Jankowicz, a former Wilson Center fellow who had publicly criticized former President Donald Trump, resigned from the board only a month into her tenure, after the DHS shut down the board pending a review. A DHS panel later concluded that there was no need for the board.
Jankowicz's lawsuit, filed in Delaware state court, alleges that Fox defamed Jankowicz by telling viewers that the board was out to censor the American public, causing Jankowicz to be "doxed, threatened, harassed relentlessly, and even cyberstalked."
"Fox's coverage of Jankowicz was neither news nor political commentary; it was cheap, easy entertainment untethered from the facts, designed to make consumers believe that Jankowicz could and would suppress their speech," the suit says. "Fox chose to lie about Jankowicz deliberately. Its statements were false and calculated to cause harm, and they did."
The lawsuit alleges that Fox made those statements despite knowing that the Disinformation Governance Board "had no ability to intervene, respond to, or prevent the spread of disinformation. Nor did it have any power or purpose to silence speech or surveil citizens."
The network has filed papers to have the Jankowicz case moved from Delaware superior court to the Delaware federal court. A Fox spokesperson, when asked for comment, referred ABC News to their legal filing.

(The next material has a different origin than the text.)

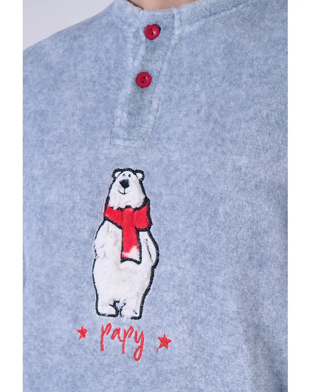 Rifinito minuziosamente presenta una simpatica applicazione di orsetto sulla maglia con scritta papy , collo a giro con bottoncini e pantaloni con stampe di orsetti. Ottima Qualità ad un prezzo super!

Jankowicz's suit says that over the course of eight months, Fox talked about Jankowicz 300 times. When the board was first announced, says the suit, "70% of Fox's one-hour segments mentioned Jankowicz or the board, always in inaccurate, melodramatic, and venomous terms."
"None of Fox's false claims about Jankowicz were the product of honest mistakes in its reporting," the lawsuit says. "Rather, Fox intentionally trafficked in malicious falsehoods to pad its profits at the expense of Jankowicz's safety, reputation, and well-being."
Jankowicz was subjected to death threats as a result of Fox News' coverage, the lawsuit says.
The suit names current and former Fox personalities including Jesse Waters, Judge Jeanine Pirro and Tucker Carlson, among others.
The lawsuit comes three weeks after Fox settled a $1.6 billion lawsuit brought by Dominion Voting System over accusations that the network knowingly pushed false conspiracy theories that the voting machine company rigged the 2020 presidential election in Joe Biden's favor.
Fox agreed to pay Dominion $787.5 million and acknowledged "the Court's rulings finding certain claims about Dominion to be false."